The Gali District is a rich agricultural area for tea, citrus, hazelnuts and vegetables. The Inguri hydroelectric station, a major supplier to Abkhazia and part of Georgia proper, is located on the Abkhaz-Georgian ceasefire line and is operated jointly.

Gali's residents are allowed to relatively freely cross into the neighboring Georgian districts, but must pay 50 Russian roubles. Customs fees are also levied upon any goods they are carrying into/out of Georgia proper. However, after the 2008 Russo-Georgian War, the cease-fire line has become more difficult to cross, with long delays at the checkpoint. As a result, the economic and trade links between the two sides of the cease-fire line, which formed the backbone of the resident's coping economies, became more strained.
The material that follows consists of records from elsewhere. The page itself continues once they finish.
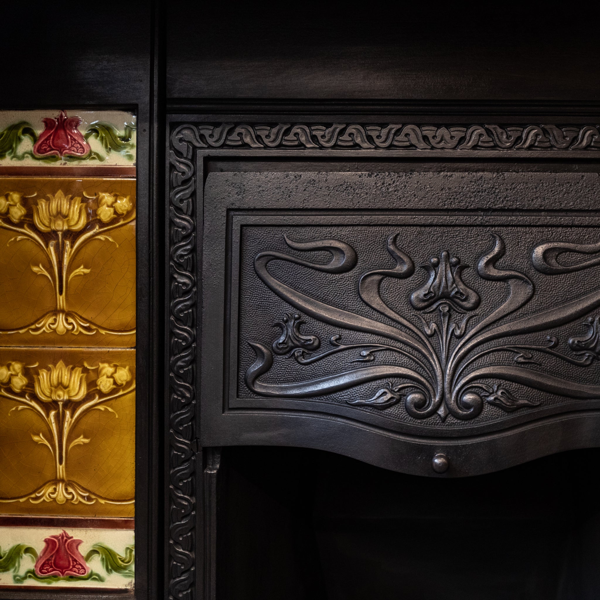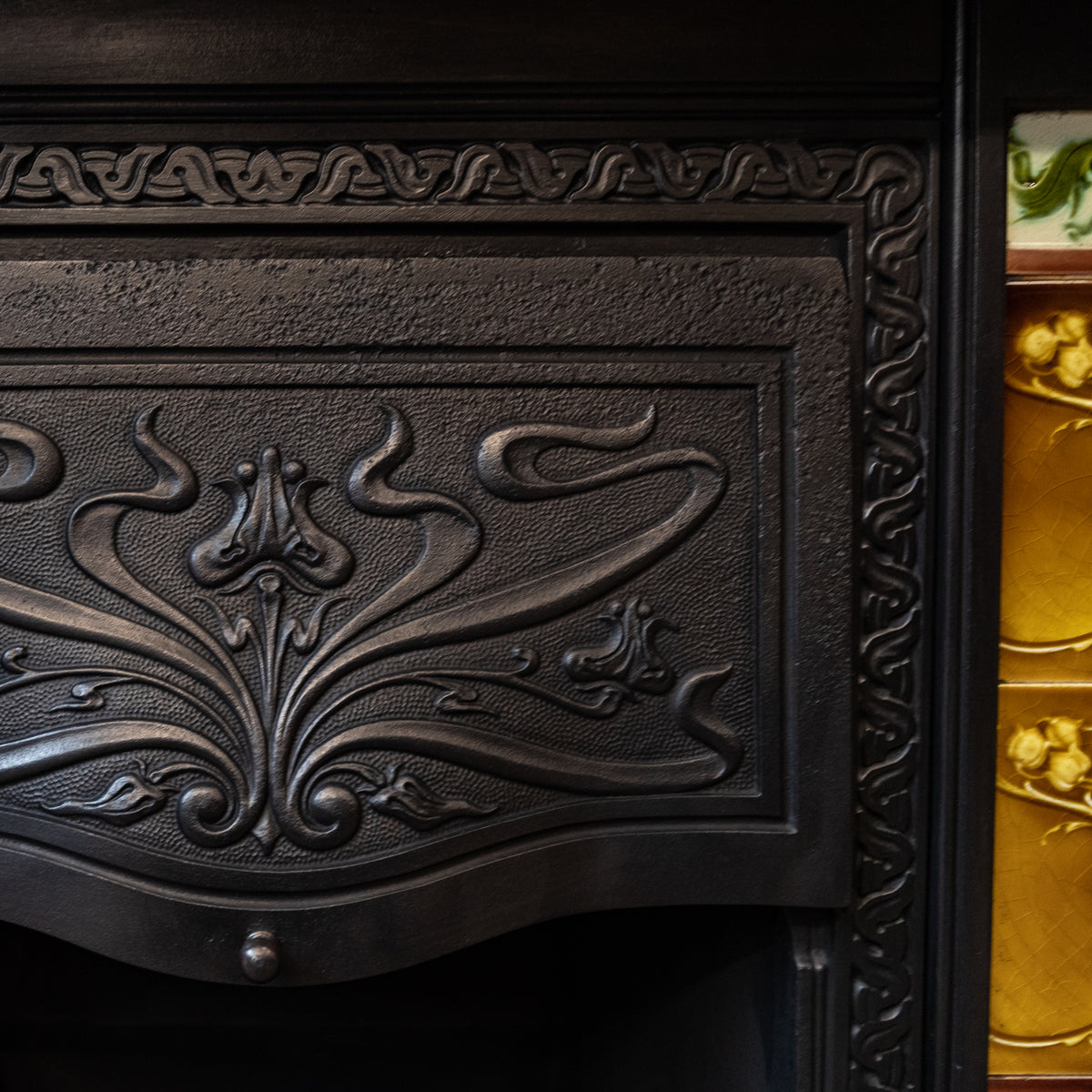 Using floral forms and motifs that the Art Nouveau movement was most famous for the large fireplace insert provides attractive borders and decorated hood.
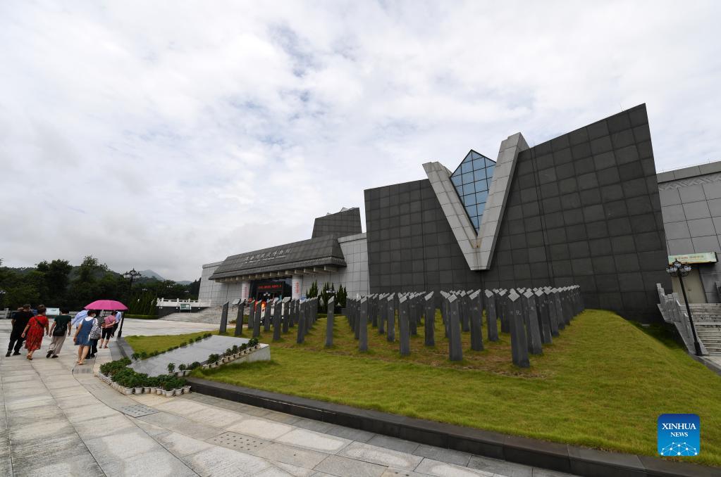 People walk toward the Museum of Kunlunguan Campaign in Nanning, capital of south China's Guangxi Zhuang Autonomous Region, Sept. 16, 2021. Kunlunguan is an important gateway and military stronghold about 50 km from Nanning. Chinese army won the Kunlunguan Victory over the Japanese troops in 1939. (Xinhua/Lu Boan)
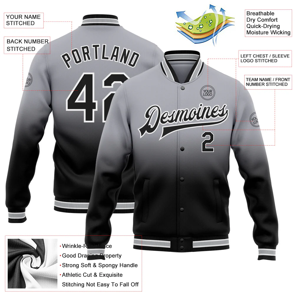 Custom Gray Black-White Bomber Full-Snap Varsity Letterman Fade Fashion Jacket
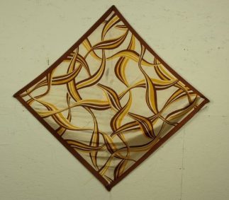 Diamond art kite by Stormy Weathers (USA). This is one of a series of scarf kites done by Stormy Weathers. Each one is different, testing out various bridling and tail configurations. He used monofilment for this tail, one-point bridle, bowed. He used dowels for spars.
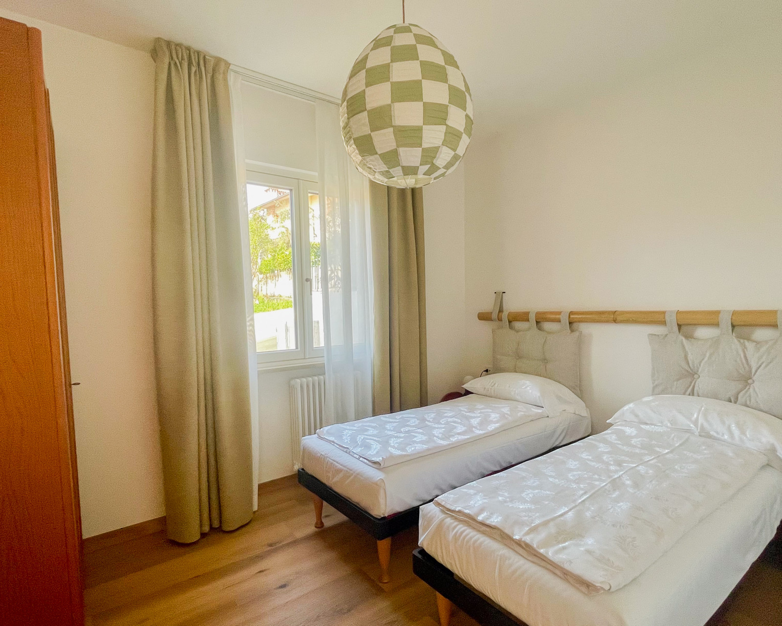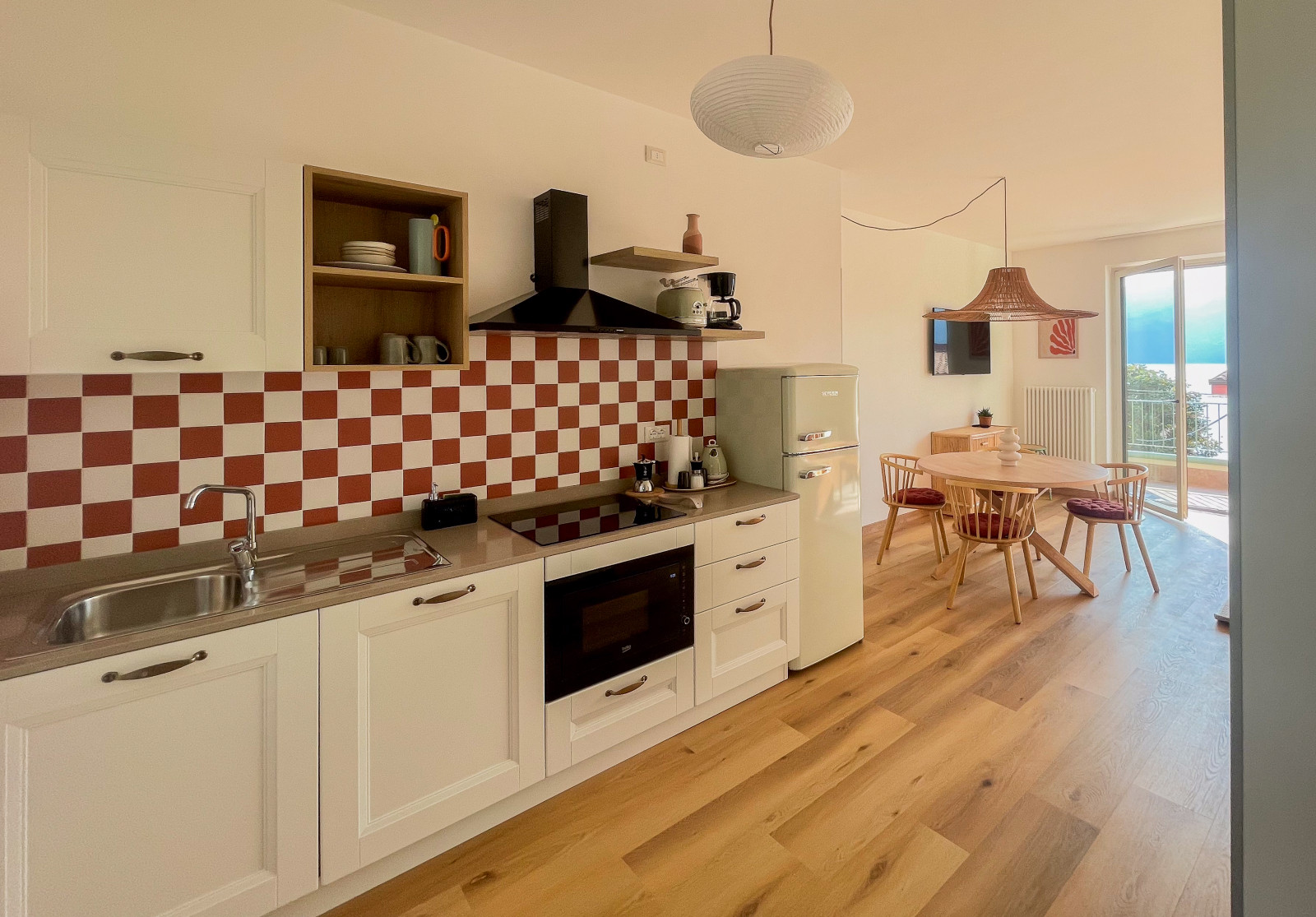 A welcoming ground‑floor apartment with an independent entrance, a spacious balcony overlooking the lake and a bright living area with a fully equipped kitchen. It includes two bedrooms, air conditioning and all essential comforts for a relaxing stay just a few steps from the water.
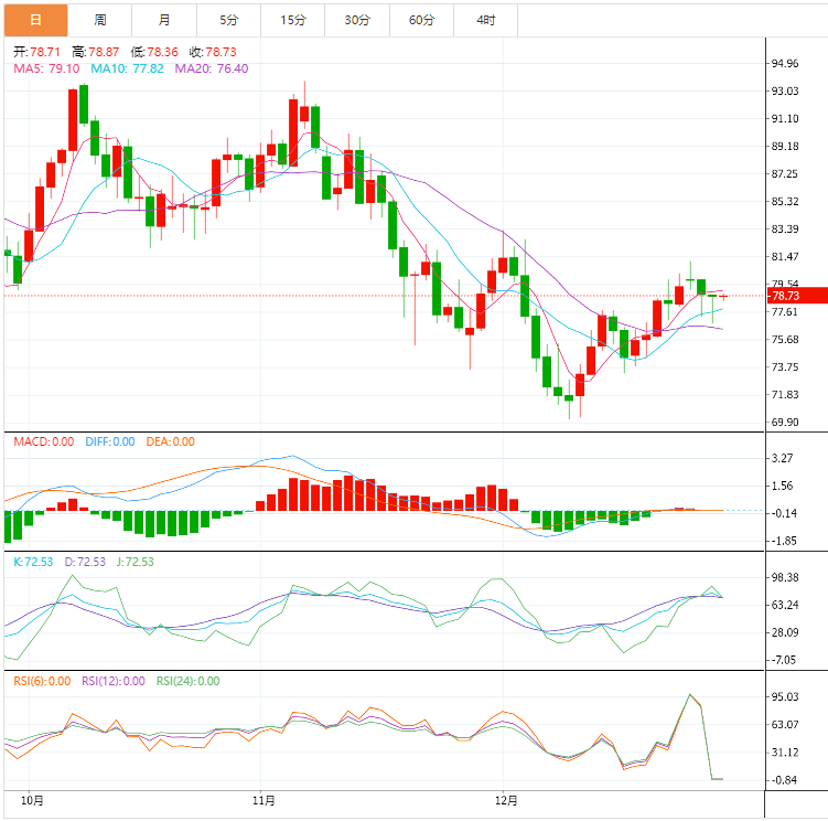 周五亚洲时段,美油交投于78.73美元/桶;油价周四连续第二个交易日下跌,受累于需求前景不确定,上周美国原油库存意外增加也拖累油价,Kpler首席石油分析师MattSmith表示:“原油在稀疏的交易中步履蹒跚地走向年底,美国能源信息署(EIA)的报告良好,没有什么能激发原油多头或空头的动力。”
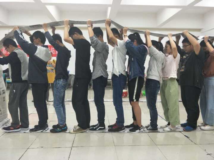 拓展活动以增强团队凝聚力、提高团队工作默契度和效率为中心,以趣味游戏的形式展开,同学们乐于其中,笑声连连。首先,肖老师用“抢板凳”和“五毛一块”两个小游戏让大家充分热身,很快,同学们纷纷进入状态,情绪高涨。
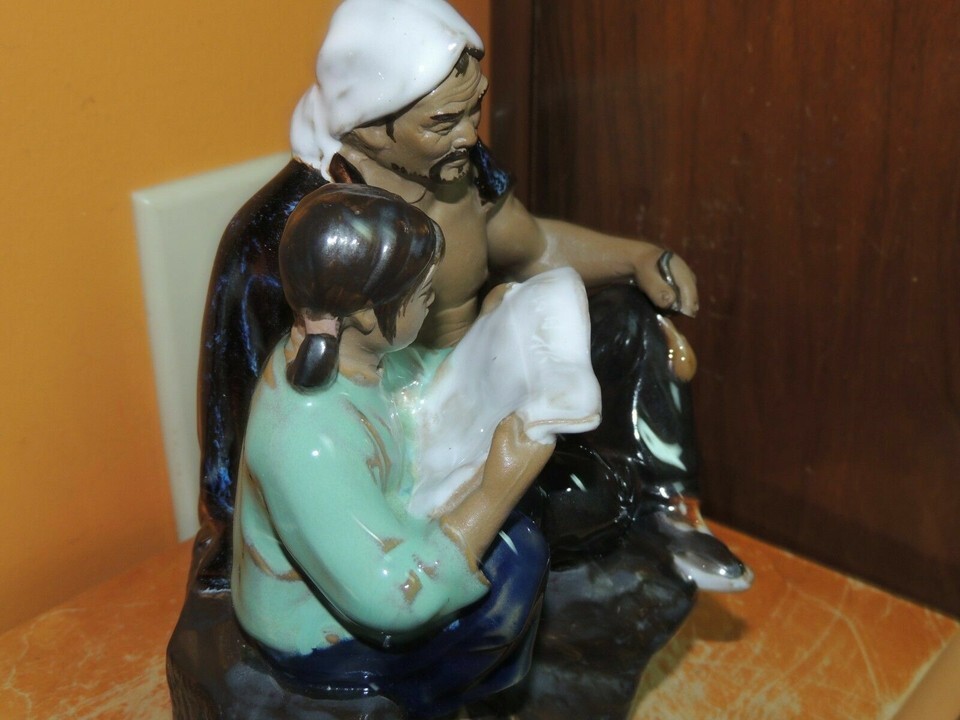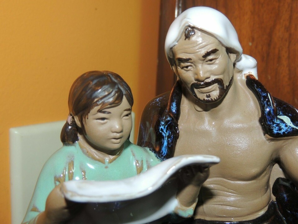 Chinese Mud Man/ Men Seated Father Daughter and similar items
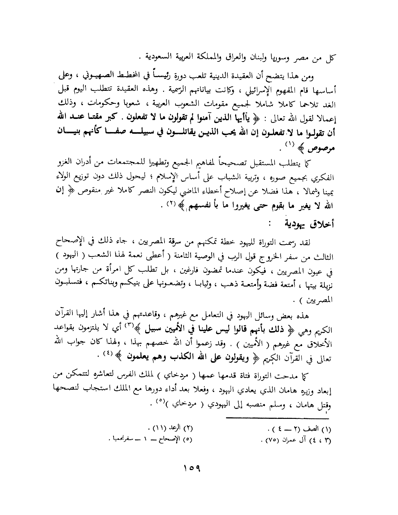 ومن هذا يتضح أن العقيدة الدينية تلعب دورة رئيسًا في المخطط الصهيوني، وعلى أساسها قام المفهوم الإسرائيلي، وكانت بياناتهم الرسمية. وهذه العقيدة تتطلب اليوم قبل الغد تلاحمًا كاملاً شاملاً لجميع مقومات الشعوب العربية، شعوبًا وحكومات، وذلك إعمالاً لقول الله تعالى: {يَا أَيُّهَا الَّذِينَ آمَنُوا لِمَ تَقُولُونَ مَا لَا تَفْعَلُونَ، كَبُرَ مَقْتًا عِنْدَ اللَّهِ أَنْ تَقُولُوا مَا لَا تَفْعَلُونَ، إِنَّ اللَّهَ يُحِبُّ الَّذِينَ يُقَاتِلُونَ فِي سَبِيلِهِ صَفًّا كَأَنَّهُمْ بُنْيَانٌ مَرْصُوصٌ} (¬1).
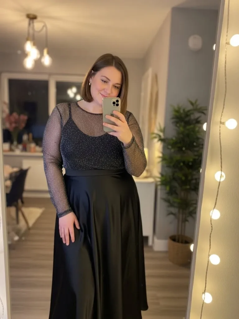 This look mixes a gorgeous shimmery sheer top with a fitted sparkly tank underneath and a flowy black satin skirt that catches the light in the prettiest way. The combination of soft glitter mesh and smooth satin creates that perfect New Year’s Eve energy while still feeling classy and comfortable. The whole outfit gives off a polished party vibe with a little extra glow thanks to the subtle sparkle through the sleeves and bodice.
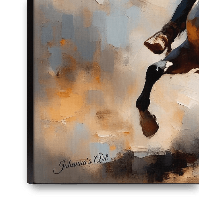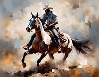 Een cowboy is afgebeeld in een dynamische beweging terwijl hij een galopperend paard berijdt, de belichaming van de geest van het Wilde Westen. De ruiter is gekleed in traditionele Western-kleding met een breedgerande hoed en lijkt geconcentreerd op zijn taak, tegen een achtergrond van warme, aardse tinten.
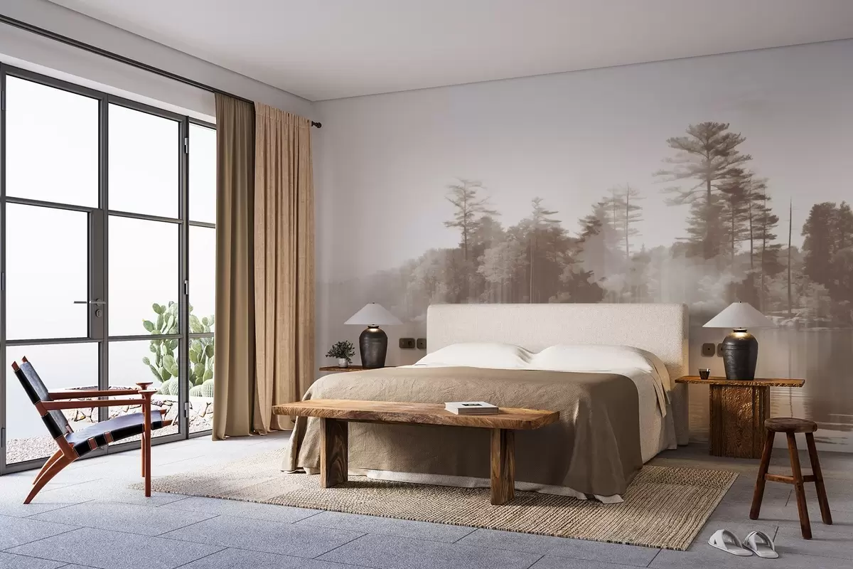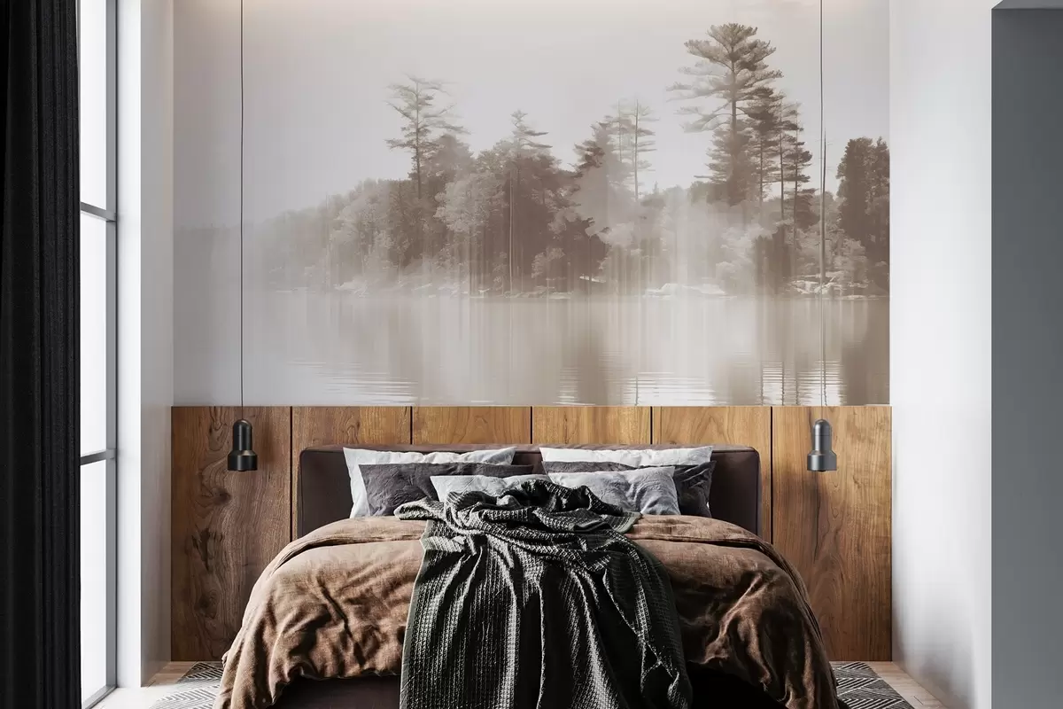 Fotobehang Abstract minimalistisch textuurlandschap met een meer en bomen die weerspiegelen in het water in beige en witte tinten N° w09058v1
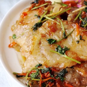 少量油加入锅中,待锅热加入胡萝卜丝姜丝翻炒几下,取适量白砂糖入油锅待糖全部融化将炸好的肉入锅翻炒此时加入蒜、香菜、适量醋,速度要快翻炒几下出锅即可
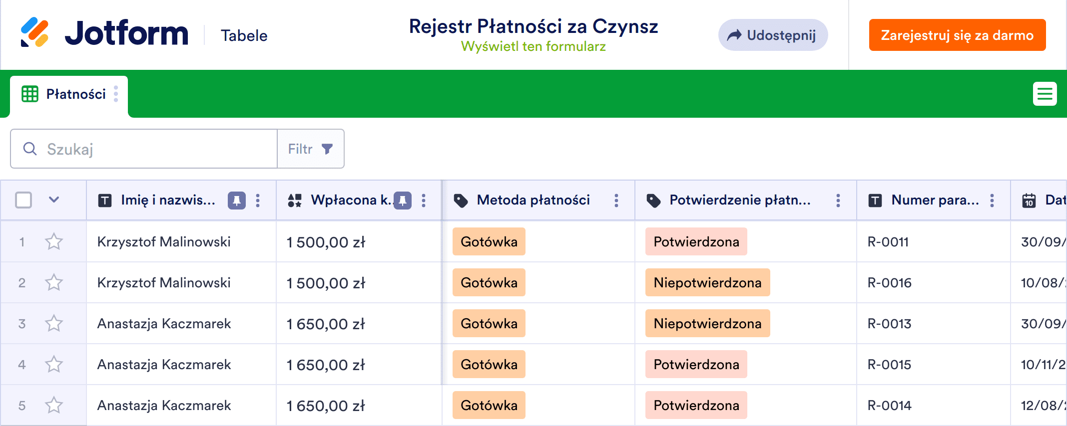 Rejestr płatności za czynsz to arkusz śledzący wpłaty najemców. Niezależnie od tego, czy jesteś wynajmującym, menedżerem czy właścicielem nieruchomości, możesz zarządzać informacjami o płatnościach w profesjonalny sposób przy pomocy bazy danych online Jotform. Wprowadź dane ręcznie, zaimportuj plik CSV lub Excel bądź skorzystaj z formularza online, by pobierać płatności online i automatycznie wprowadzać dane do tabeli!
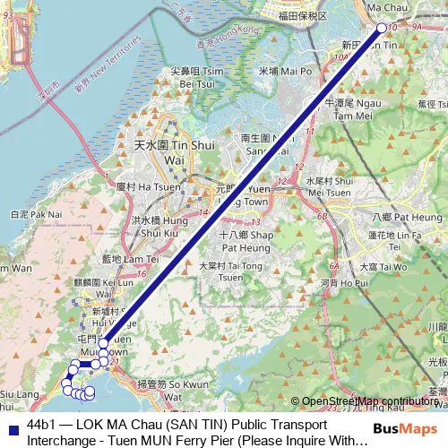 Click here to view the nearest 44b1 - LOK MA Chau (SAN TIN) Public Transport Interchange - Tuen MUN Ferry Pier (Please Inquire With THE Operator About THE Payment Arrangement OF THE TWO-WAY Fare ON This Route.) bus stop.
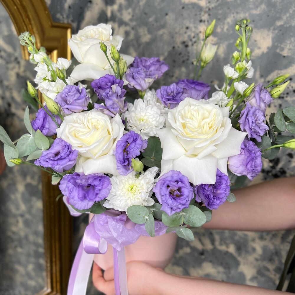 роза пионовидная плайя бланка – 3 шт.Хризантема кустовая – 1 шт.эустома лавандовая – 3 шт.Маттиола – 2 шт.Эвкалипт – 3 шт.Оазис флористический – 1 шт.Тишью белое – 1 шт.Коробка шляпная – 1 шт.Лента атласная – 2 шт.
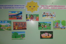 В рамках подготовки к конкурсу "Лучший билигвальный детский сад" коллектив детского сада обновляет предметно-развивающую среду, стенды и т.д. Воспитатель Мустафина Э.А. показала фрагмент занятия по обучению татарскому языку для представителей Комсомольской СОШ и начальника управления образования Исаева Р.Р.

The district's 2006 budget was 7.5 million Russian roubles ($300,000) but 30 per cent is tax revenue forwarded to Sukhumi. The remaining 70 per cent is spent on salaries, pensions and administration expenses. However, the district's budget does not include allocations from the central budget, which tend to be ad hoc, dependent on particular needs. The infrastructure remains in the state of collapse and, in spite of the limited international humanitarian aid, the majority of returnees continue to live in damaged houses or temporary shelters.